Pumpkin seeds are a nutritional treasure trove, boasting minerals like phosphorous, magnesium, iron, manganese, zinc, and copper. They’re also rich in vitamin A, B1, B2, and B3, protein, heart-healthy monounsaturated fats, and phytosterols, especially beta-sitosterol.
These ancient seeds, with roots tracing back at least 7,500 years in Mexico, offer an array of health benefits.
- Hormone Balance: Pumpkin seeds play a role in balancing hormones.
- Heart Health: They contribute to heart health.
- Prostate Health: These seeds support prostate health.
- Skin Health: They promote healthy skin.
- Immune Function: Pumpkin seeds enhance immune function.
In a single-third cup of shelled pumpkin seeds, you’ll find approximately 90 calories, 4g of fat, 4g of protein, and 11g of carbohydrates, including 7.5mg of zinc per 100g, making them one of the best dietary sources of zinc, just after oysters.

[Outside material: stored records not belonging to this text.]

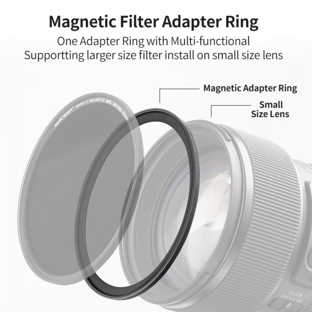 K&F 62-77 mm magnetski adapterski prsten objektiva. Veći filtri mogu se prilagoditi lećama s manjim navojima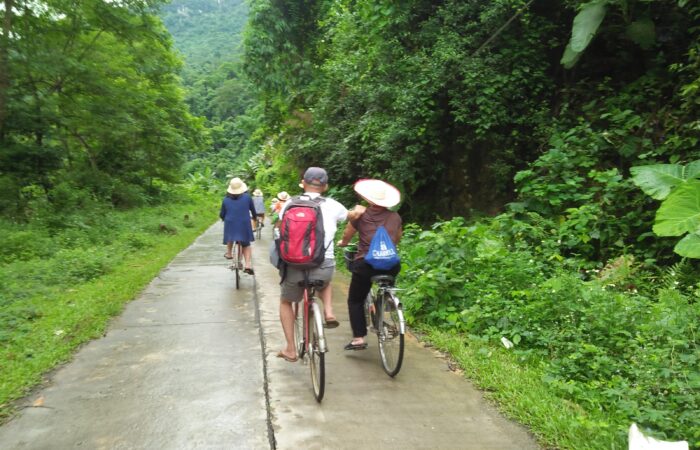 Opt 2: For fitness & young people & the water level in Nui Thung ( spirit eye mountain), you can choose to climb up the mountain, through waterfall, karst mountain & forest.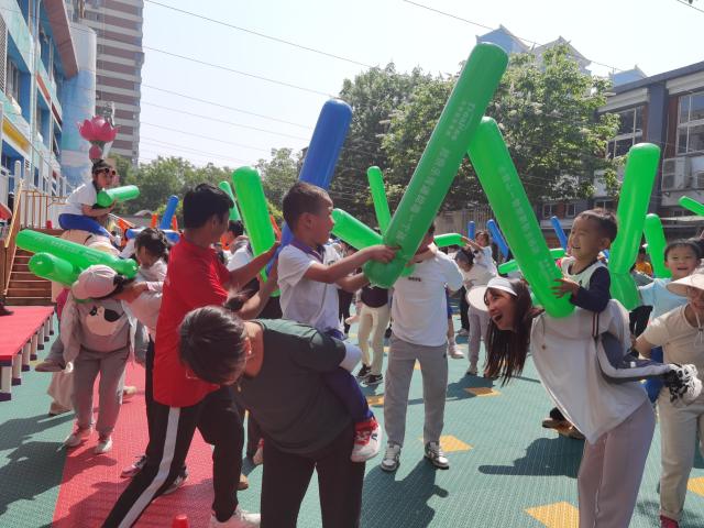 活动共分为五个环节:运动会开幕式、小运动员入场、幼儿健身操展示、主题游戏、舒缓放松。主题游戏是本次活动最大的亮点环节,游戏设计遵循各个年龄段幼儿的年龄特点,创设了不同的游戏内容,如“火箭升天”“小白兔大冒险”“钢铁战车”“翻山越岭”“太空漫步”“骑马打仗”等。小朋友和家长们在整个活动中沐浴着阳光,尽情地释放着自己的能量,共享着游戏的快乐。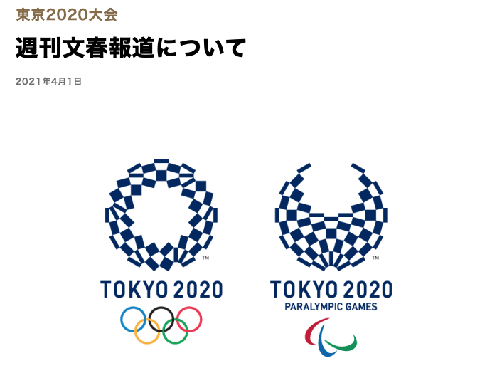対象の文春オンライン4月1日発売の週刊文春、及び、昨日3月31日に文春オンラインに掲載された東京2020大会開閉会式関連の記事内容につきまして、同メディアは、開閉会式制作チームのメンバーだったMIKIKO氏のチームがIOCにプレゼンした280頁に及ぶ内部資料(昨年4月6日付)を入手したとして、資料に記載の演出内容に言及し、また、一部の画像を掲載しており、東京2020組織委員会としては極めて遺憾です。

With a chewy texture and a subtle, sweet, nutty flavor, pumpkin seeds can be easily integrated into your diet. Keep a stock in your pantry for creative culinary use.
Roasting Seeds: For roasted pumpkin seeds, spread them in a single layer on a baking sheet, lightly drizzle with oil and your preferred seasonings. Bake at 180 degrees Celsius for around 30 minutes or until golden brown, shaking the pan periodically to prevent burning.
- Sprinkle them over vegetables, soups, or salads.
- Create a delicious salad dressing by grinding pumpkin seeds with fresh garlic, parsley, and cilantro, and blending with olive oil and lemon juice.
- Crushed pumpkin seeds make a nutritious addition to hot or cold cereal dishes. You can also include them in your favorite cookie, muffin, or bread recipes for an extra health boost.
Murray, Michael T., Pizzaro, Joseph. The Encyclopedia of Healing Foods. Atria Books.
Lipski, Elizabeth. Digestive Wellness: Strengthen the Immune System and Prevent Disease Through Healthy Digestion. McGraw-Hill Education.
Karr, Tammera. Journey With Food. Summerland Publishing.